Your objective: Transcribe the data exactly, omitting whatever pictures it holds.

Data provided:

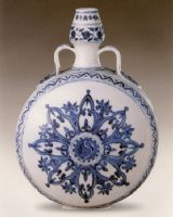 說 明: 此種瓶式創(chuàng)燒于明代永樂景德鎮(zhèn)御窯廠,造型和紋飾均摹仿西亞陶制品,亦稱"抱月瓶",或"寶月瓶",腹部紋飾亦稱"輪花".
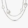 This radiant lab-grown diamond necklace features modern interpretations of infinity motifs, set on a long 14k white gold box chain that can be doubled up for layered styling. The chain features five fixed infinity pendan
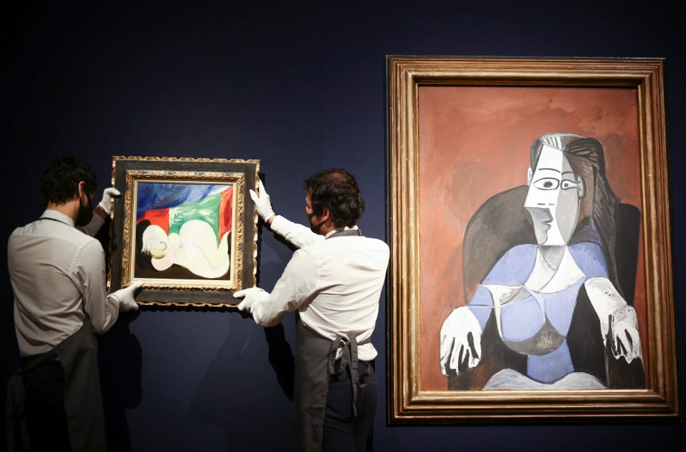 在佳士得拍賣行(Christie's auction house)內,工作人員正在調整西班牙藝術家畢卡索(Pablo Picasso)的畫作。
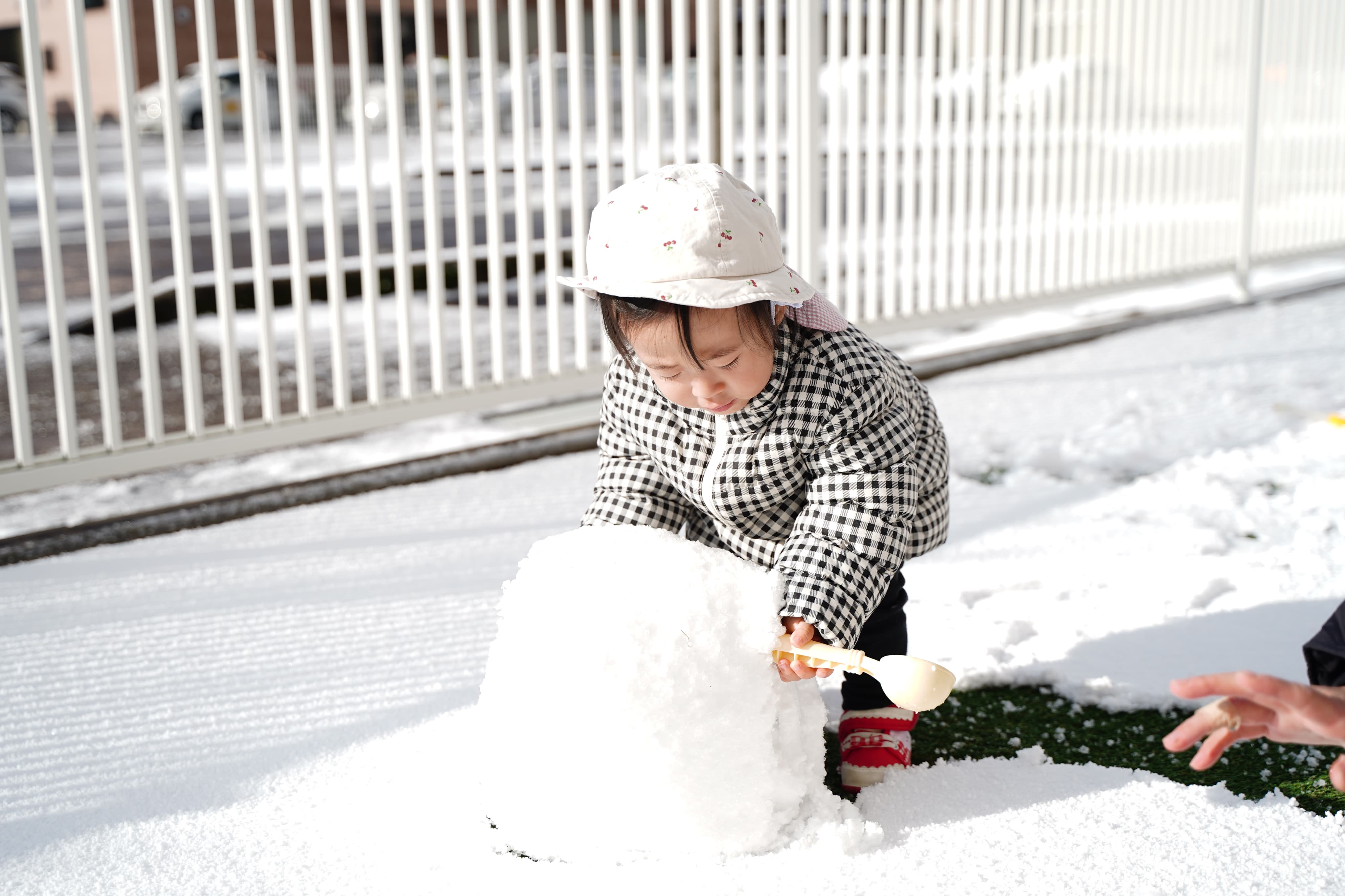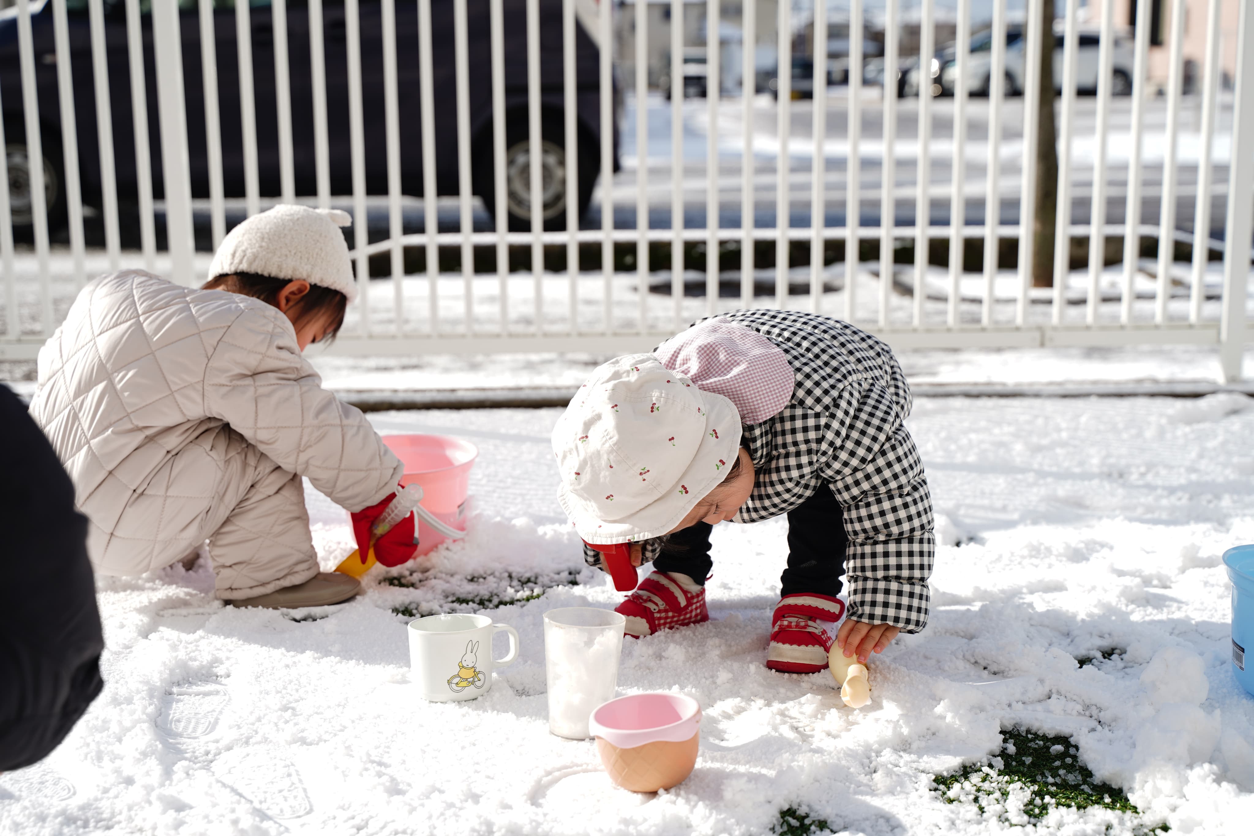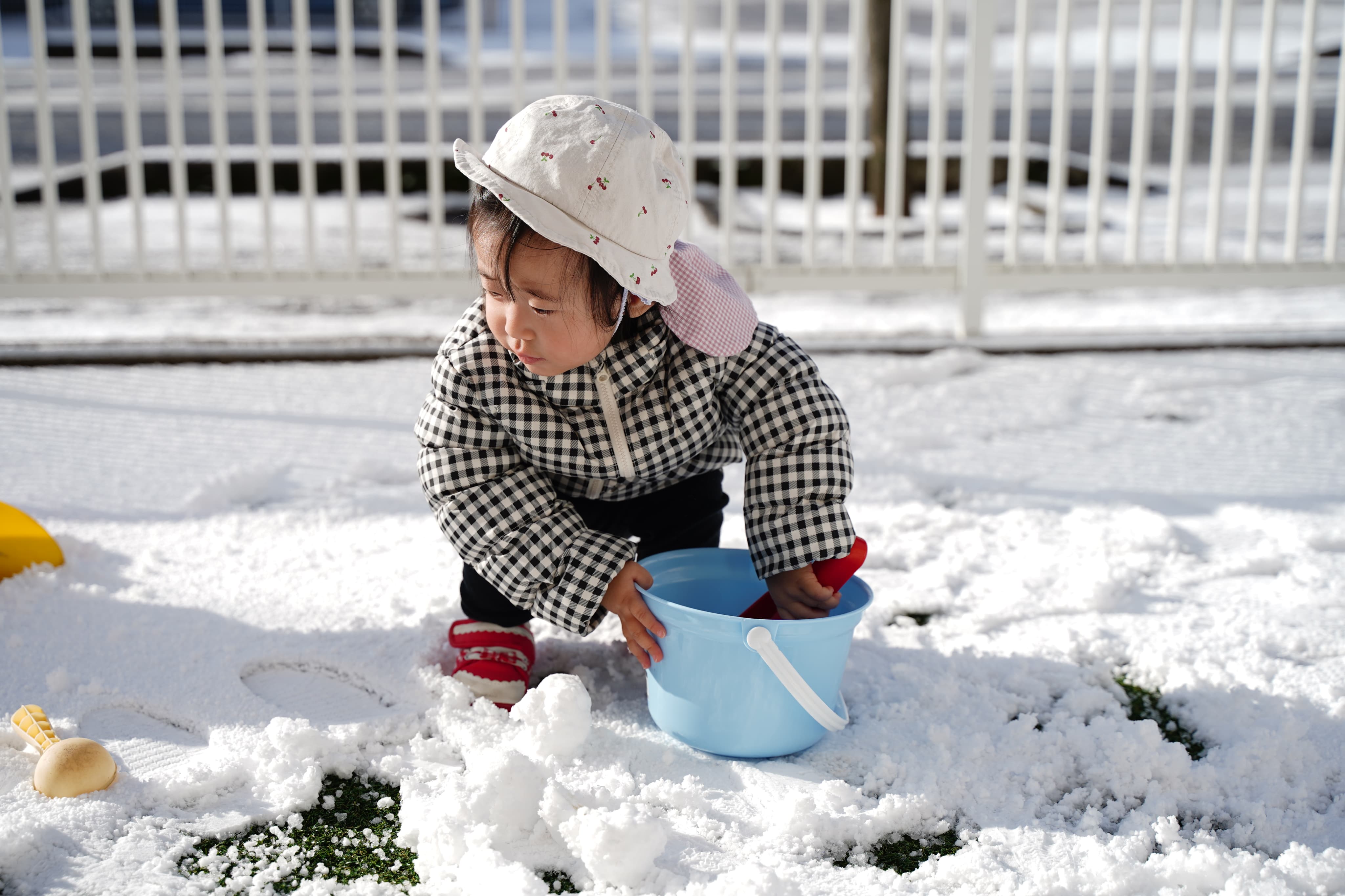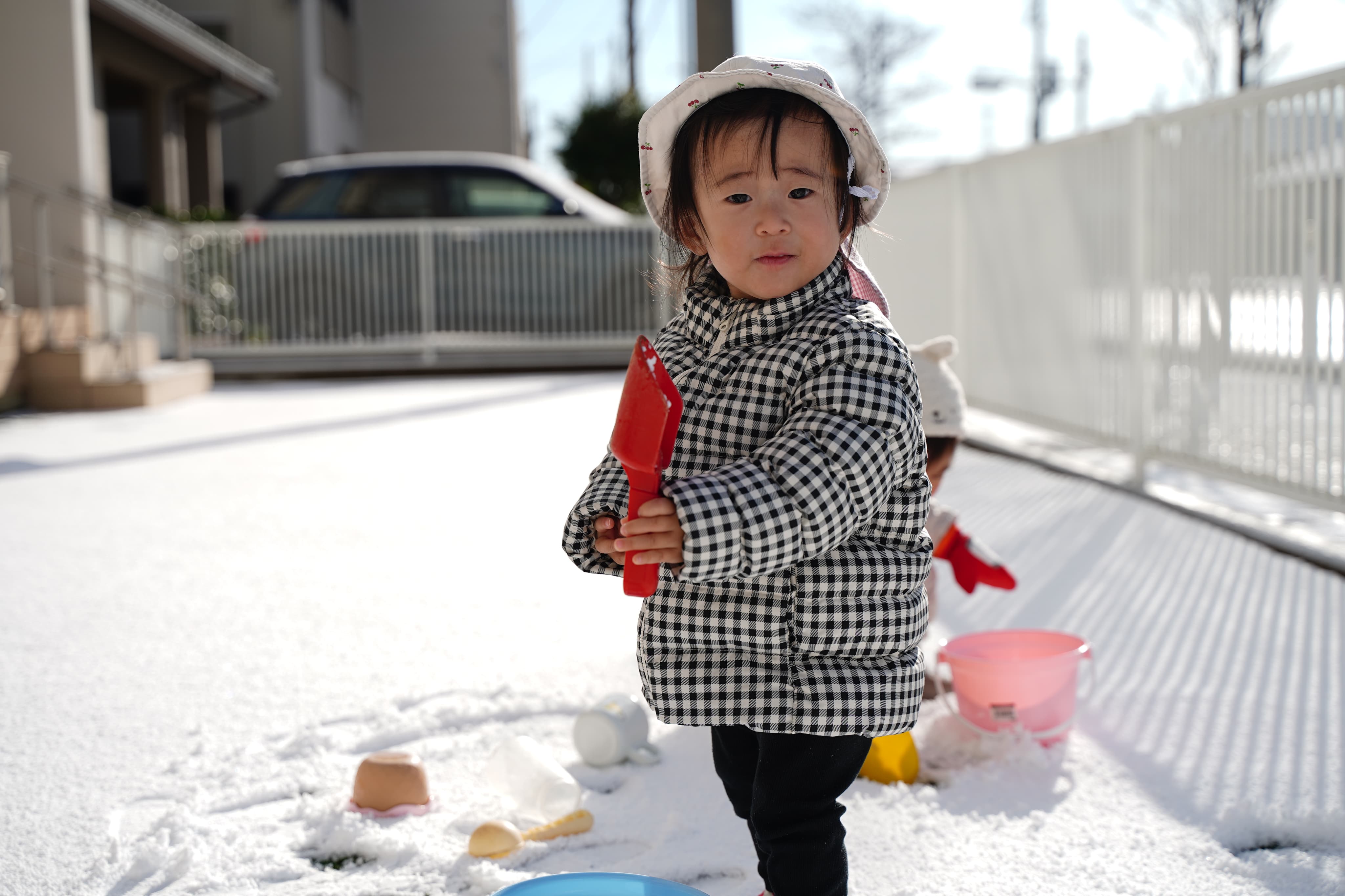 一面真っ白で、いつもと違う景色にワクワクの子どもたち😆さっそくスコップで雪をすくってみていました!今日の雪は少し固めかな?
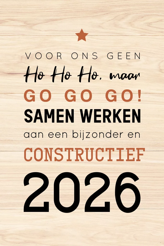 Go Go Go op naar een constructief 2026! Een kerstkaartje met realistische houten achtergrond. Samen bouwen aan een bijzonder en constructief nieuwjaar, is afgebeeld op deze zakelijke kerstkaart. Teksten zijn makkelijk aan te passen in onze editor. Hulp nodig van ons ontwerpteam? Laat het ons gerust weten.
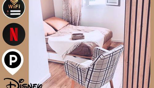 Studio EASY Check-in DISNEY 10 minutes Parking Wifi Welcome gift Starbucks coffee se encuentra en Bussy-Saint-Georges, a solo 5,6 km de Val d'Europe RER Station, y ofrece alojamiento con vistas al jardín, wifi gratis y parking privado gratis.
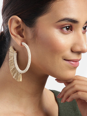 Gold-Plated Brown & White Beaded Drop Earrings
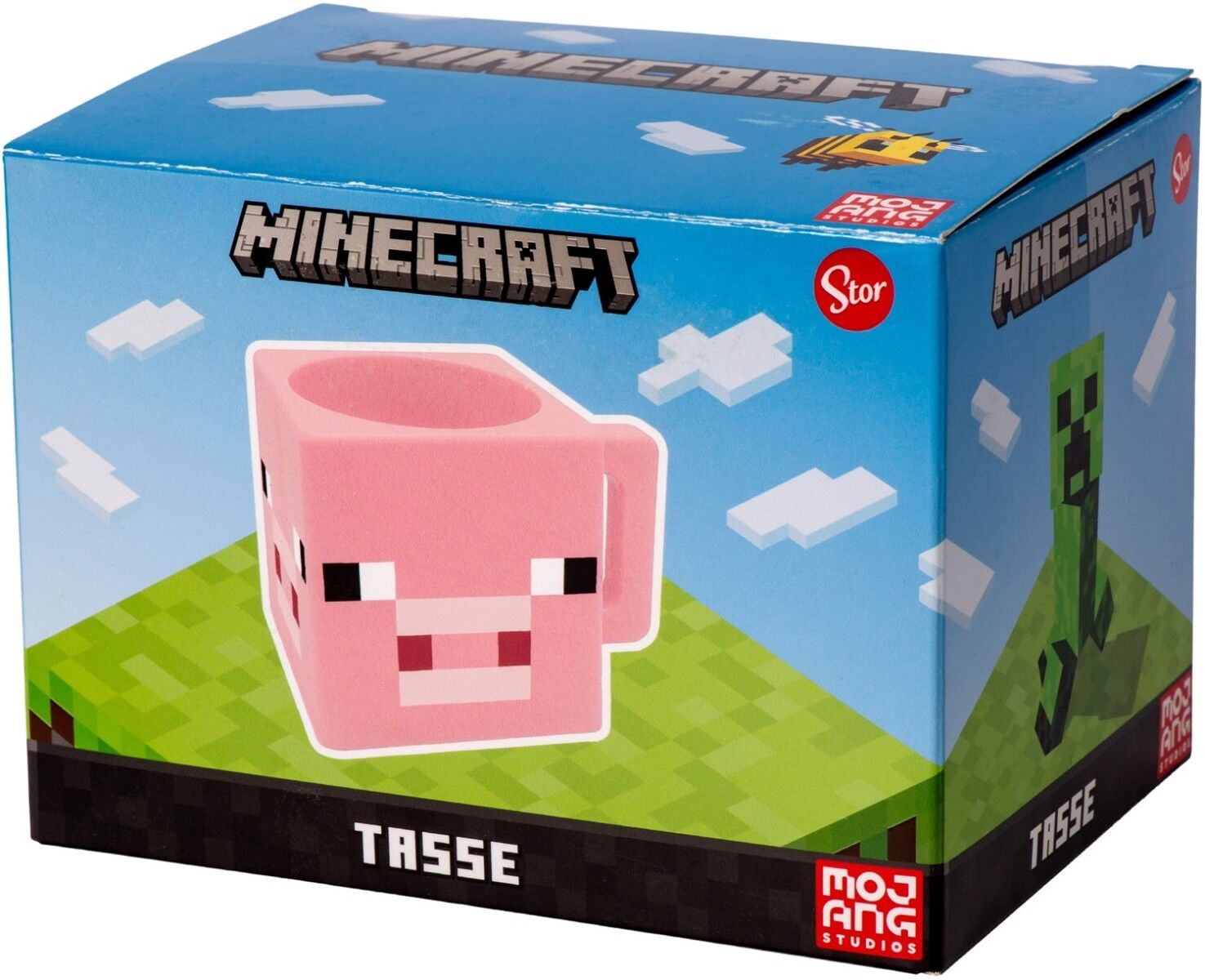 Die mikrowellengeeignete Tasse mit einem Fassungsvermögen von ca. 290 ml, zeichnet sich durch ein Minecraft-typisches Motiv aus – auf drei Seiten der Tasse ist das Gesicht der bekannten Schwein-Kreaturen zu sehen
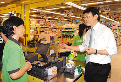 ■邱騰華昨視察筲箕灣一間超市,了解首日實施膠袋徵費的運作情況。 政府新聞處圖片
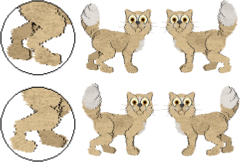 The outlines sitting in unusual places - that is, on the opposite side of where they would naturally be - is often a dead giveaway that the picture was flipped. For example, consider the tail and hip outlines on the cat above. But this rule of thumb cannot always be applied as the outlines can be hard to see on darker petz, and the position of the outlines can be changed through hexing. Neither of those things would disqualify a pet from showing.
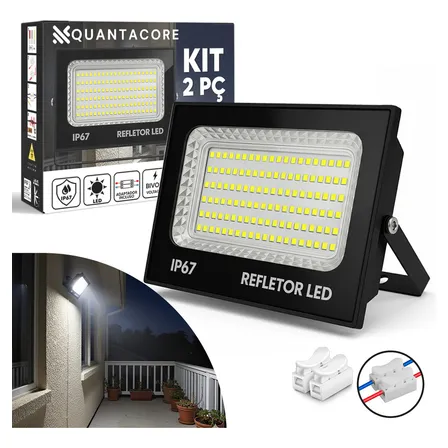 Kit 2 Refletores Led 600w Quantacore Branco Frio 6500k Ip67 Preto 127/220v

Exercise response:
 說 明: 此種瓶式創(chuàng)燒于明代永樂景德鎮(zhèn)御窯廠,造型和紋飾均摹仿西亞陶制品,亦稱"抱月瓶",或"寶月瓶",腹部紋飾亦稱"輪花".
 This radiant lab-grown diamond necklace features modern interpretations of infinity motifs, set on a long 14k white gold box chain that can be doubled up for layered styling. The chain features five fixed infinity pendan
 在佳士得拍賣行(Christie's auction house)內,工作人員正在調整西班牙藝術家畢卡索(Pablo Picasso)的畫作。
 一面真っ白で、いつもと違う景色にワクワクの子どもたち😆さっそくスコップで雪をすくってみていました!今日の雪は少し固めかな?
 Go Go Go op naar een constructief 2026! Een kerstkaartje met realistische houten achtergrond. Samen bouwen aan een bijzonder en constructief nieuwjaar, is afgebeeld op deze zakelijke kerstkaart. Teksten zijn makkelijk aan te passen in onze editor. Hulp nodig van ons ontwerpteam? Laat het ons gerust weten.
 Studio EASY Check-in DISNEY 10 minutes Parking Wifi Welcome gift Starbucks coffee se encuentra en Bussy-Saint-Georges, a solo 5,6 km de Val d'Europe RER Station, y ofrece alojamiento con vistas al jardín, wifi gratis y parking privado gratis.
 Gold-Plated Brown & White Beaded Drop Earrings
 Die mikrowellengeeignete Tasse mit einem Fassungsvermögen von ca. 290 ml, zeichnet sich durch ein Minecraft-typisches Motiv aus – auf drei Seiten der Tasse ist das Gesicht der bekannten Schwein-Kreaturen zu sehen
 ■邱騰華昨視察筲箕灣一間超市,了解首日實施膠袋徵費的運作情況。 政府新聞處圖片
 The outlines sitting in unusual places - that is, on the opposite side of where they would naturally be - is often a dead giveaway that the picture was flipped. For example, consider the tail and hip outlines on the cat above. But this rule of thumb cannot always be applied as the outlines can be hard to see on darker petz, and the position of the outlines can be changed through hexing. Neither of those things would disqualify a pet from showing.
 Kit 2 Refletores Led 600w Quantacore Branco Frio 6500k Ip67 Preto 127/220v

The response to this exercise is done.